Vu l'appel régulièrement interjeté par la société CALCIC SPECIALITES à l'encontre d'un jugement prononcé le 9 septembre 2005 par le Conseil de prud'hommes de BOBIGNY, qui a statué sur le litige qui l'oppose à Patrick X... sur les demandes du salarié relatives au licenciement dont il a été l'objet,
Vu le jugement déféré qui a condamné la société CALCIC SPECIALITES à payer à Patrick X...:
- 85.500 € pour licenciement sans cause réelle et sérieuse, avec intérêts au taux légal à compter du jugement,
- 1.000 € au titre de l'article 700 du nouveau code de procédure civile;
Vu les conclusions visées par le greffier et développées oralement à l'audience, aux termes desquelles,
La société CALCIC SPECIALITES, appelante, poursuit l'infirmation du jugement déféré et sollicite que Patrick X... soit débouté de ses demandes;
Patrick X..., intimé, conclut à la confirmation du Jugement sauf en ce qui concerne le montant de son indemnisation, sollicitant de ce chef, sur le fondement principal du licenciement abusif et subsidiaire du non-respect des critères d'ordre, la somme de 171.000 € outre celle de 3.000 € en application des dispositions de l'article 700 du nouveau Code de procédure civile;
CELA ETANT EXPOSE
Par contrat à durée indéterminée en date du 17 août 1970, Patrick X... a été engagé par la société PRODUITS CHIMIQUES PECHINEY en qualité d'ouvrier qualifié 1er échelon.

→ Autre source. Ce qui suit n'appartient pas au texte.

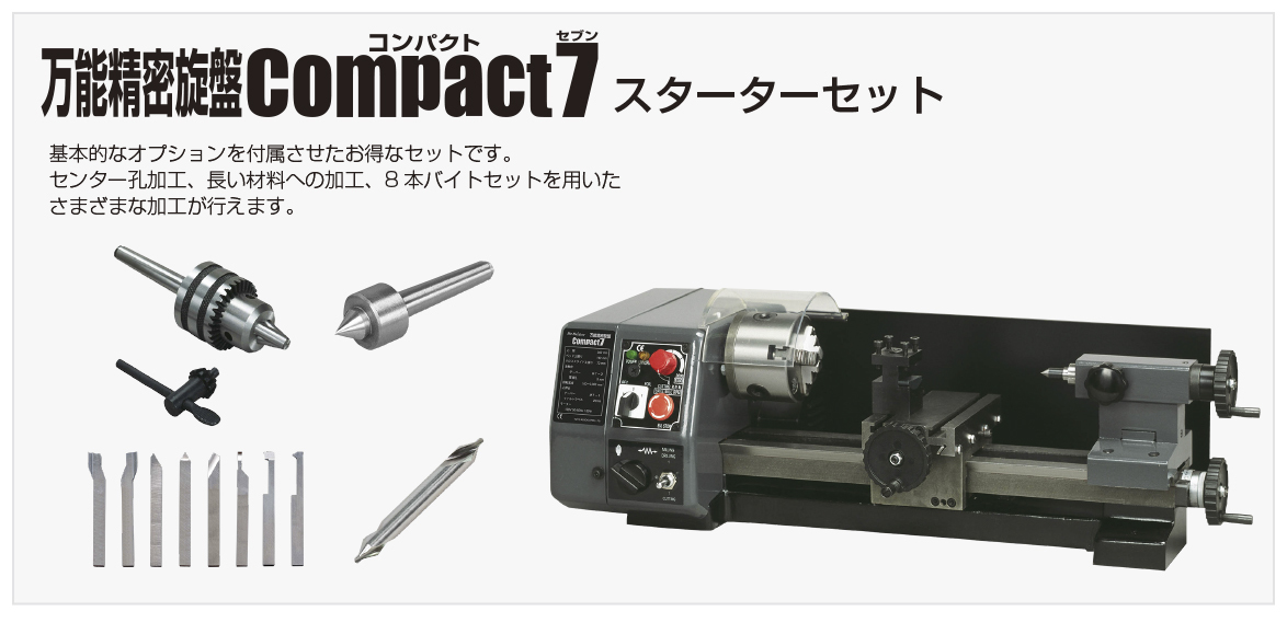 | 製品仕様 | スターターセット、COMPACT7(コンパクト7)万能精密旋盤 |
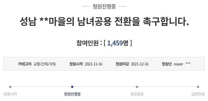 22일 청와대 국민청원 게시판에는 ‘여성전용 임대아파트 성남 **마을의 남녀공용 전환을 촉구합니다’라는 제목의 글에 대한 청원이 진행 중이다.
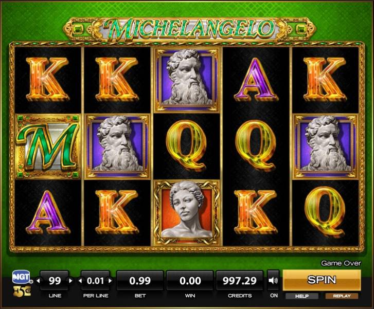 Безусловно, звезды кино и эстрады гораздо популярнее в мире азартных игр, чем корифеи искусств. Поэтому каждый видео-слот, посвященный великим творцам прошлого, неизменно привлекает внимание уже одним только выбором тематики. Соответственно, мы не могли обойти стороной разработку компании IGT (High 5 Games) под названием «Микеланджело». Этот бесплатный игровой автомат с необычными функциями геймплея и оригинальным интерфейсом предлагает нам вспомнить о творчестве одного из величайших мастеров эпохи Ренессанса.
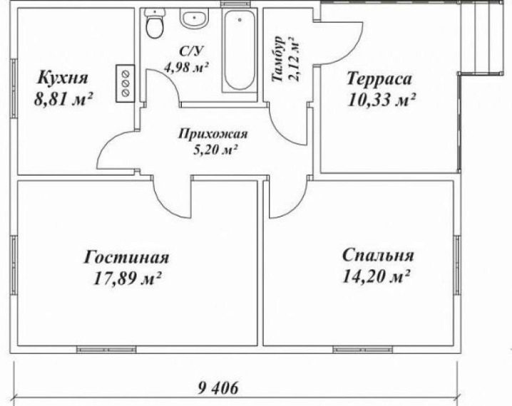 - في هذه الحالة ، يحتوي المنزل على غرفة معيشة – مطبخ ، يوجد على جانبيها غرفتا نوم. هناك أيضا غرفة المرجل وحمام. تتحد جميع الغرف بواسطة قاعة. يمكن الدخول إلى المنزل من جوانب مختلفة ، لذلك يوجد شرفتان.
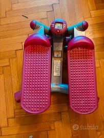 Twist stepper di DOMYOS. Mostra calorie, scansione, tempo, passi/min e conteggio dei passi sul display. Peso 6 kg. Non è stato usato molto, quindi i pedali hanno ancora resistenza.
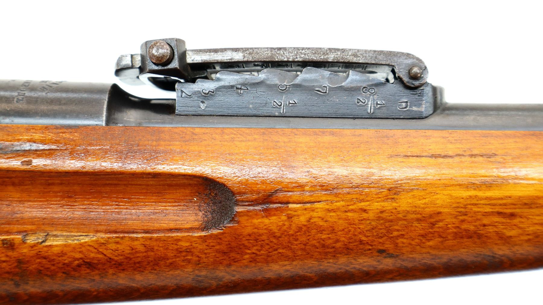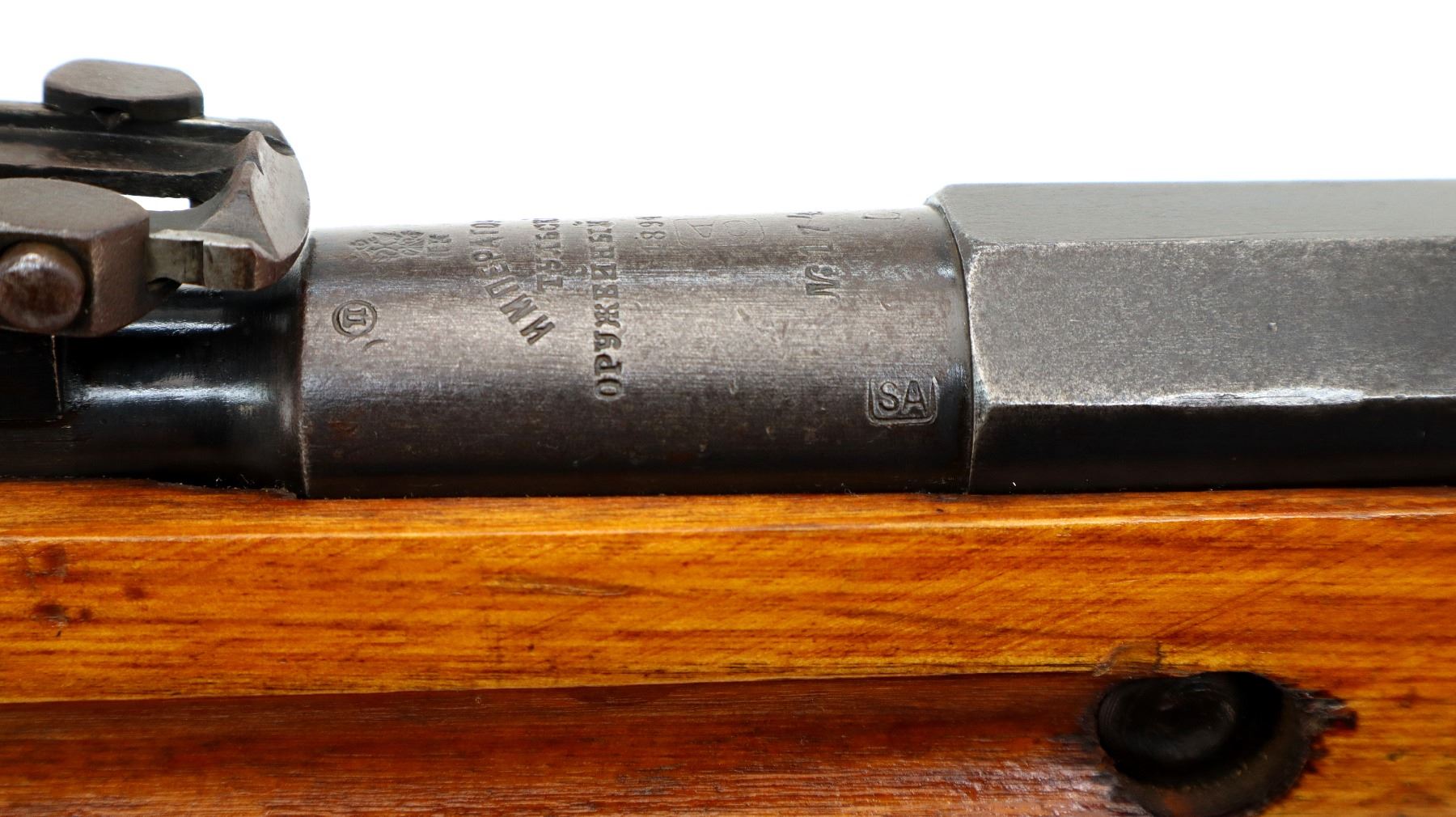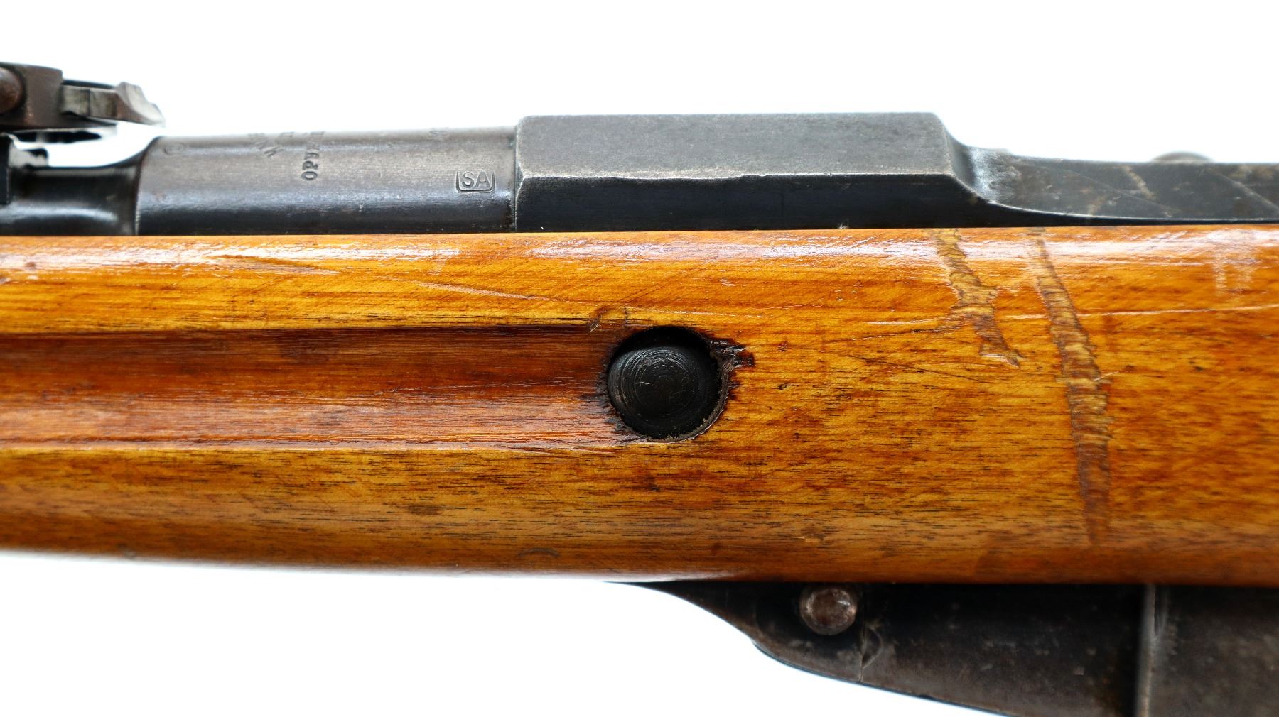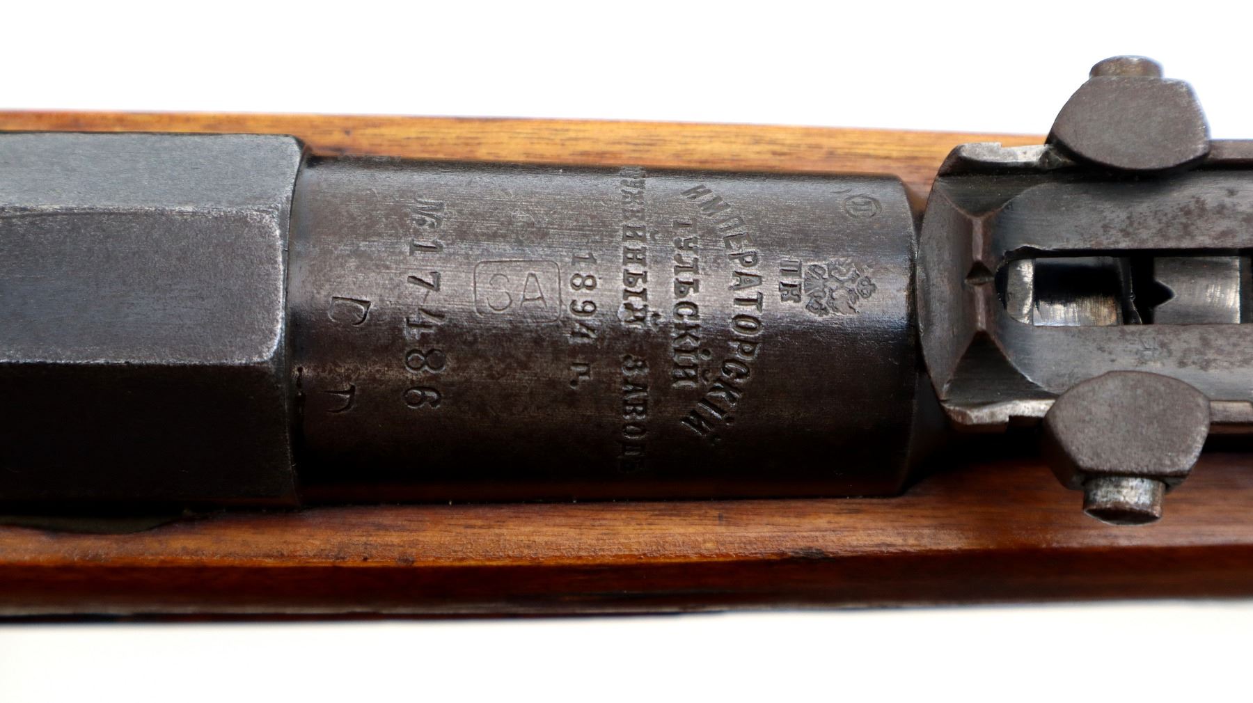 Main Description: Manufactured by Tula Imperial 1894, serial numbers mismatched. Blade front sight with ramp, adjustable u notched rear sight, barrel has SA in a box indicating Finnish Military Ownership, hex receiver, straight bolt handle. Two piece full military wood stocks, handguard is cracked, finger grooved forearm, smooth steel butt plate, stock cracked at heel, arsenal repaired at toe, sling slots and cleaning rod.
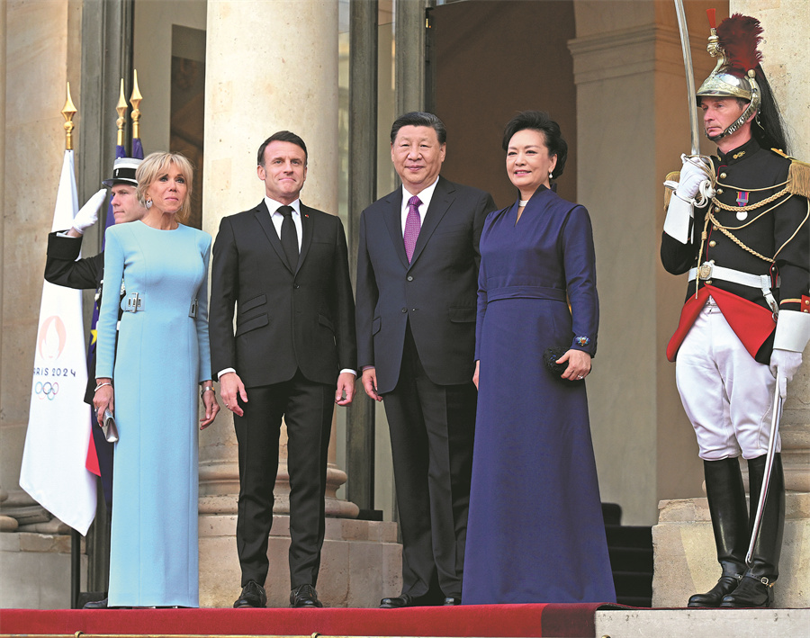 President Xi Jinping and his wife, Peng Liyuan, attend a welcome banquet held by French President Emmanuel Macron and his wife, Brigitte Macron, at the Elysee Palace in Paris on Monday. LI XUEREN/XINHUA
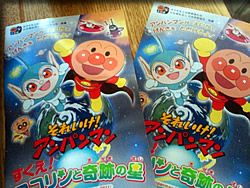 アンパンマンの映画の無料チケットが当選したので、長男様と一緒に見てきました。
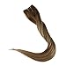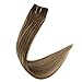 Full Shine Balayage Color #4 Fading to Color #24 Blonde and Color #4 Medium Brown 20 Inch Secret Fish Line Flip Extensions Remy Human Hair 100g Per Set Invisible Hairpiece
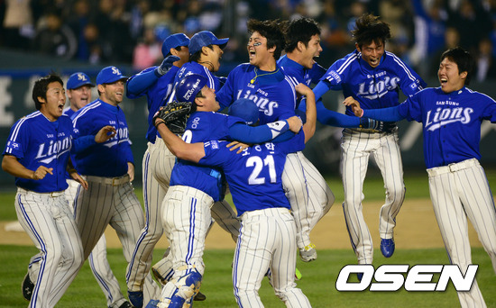 경기후 우승을 차지한 삼성 선수들이 기뻐하고 있다. /jpnews@osen.co.kr
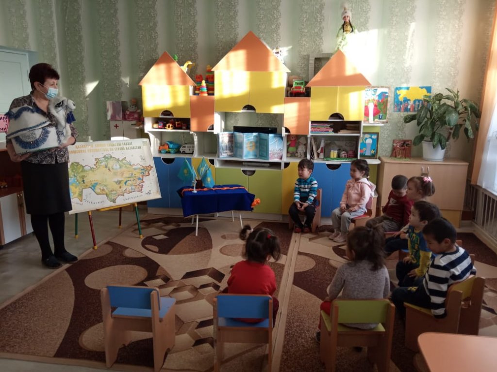 В рамках реализации программы " Рухани жаңғыру" и ко Дню Первого Президента в ясли- саду " Акбота" по ул.Циалковского 10 воспитателями младшей группы" Крепыши" Решетняк Н.М. и Крупко И.А. 23.11.2020г было проведено тематическое занятие " День Первого Президента".

Son contrat de travail a été transféré le 18 juillet 1986 à la société Chimique de la Courneuve devenue, le 1er avril 2001, la société CALCIC SPECIALITES.
A la suite de diverses promotions, il exerçait, depuis le 2 février 2001, les fonctions de Directeur, chargé notamment des matières plastiques et caoutchouc, moyennant une rémunération mensuelle de 4.781,81 €.
Le 3 avril 2003, il était convoqué pour le 14 suivant à un entretien préalable à un éventuel licenciement.
Il était licencié en ces termes le 22 avril :
"... Comme vous le savez, le groupe CALDIC, et plus particulièrement la Société CALDIC SPECIALITES, a enregistré des résultats catastrophiques depuis 2002, notamment du fait des investissements réalisés par nos clients dans des outils informatiques leur permettant d'acheter en direct, notamment auprès de nos concurrents asiatiques.
Par ailleurs, les obligations concernant la protection de l'environnement et de la sécurité en Europe, impliquent des frais et des contraintes pour les distributeurs de produits chimiques, inexistantes dans beaucoup de pays hors d'Europe. Dans ce contexte, non seulement nos marges de distribution se sont très nettement réduites, mais de surcroît, les tarifs de nos concurrents non soumis à ces contraintes, sont apparus beaucoup plus attractifs.
Par conséquent, nos volumes de vente ont sensiblement diminué, ce qui a entraîné une concurrence encore plus accrue, avec des prix plus bas, mais assortis de frais incompressibles de manutention, de transport et administration au kilo, en constante augmentation.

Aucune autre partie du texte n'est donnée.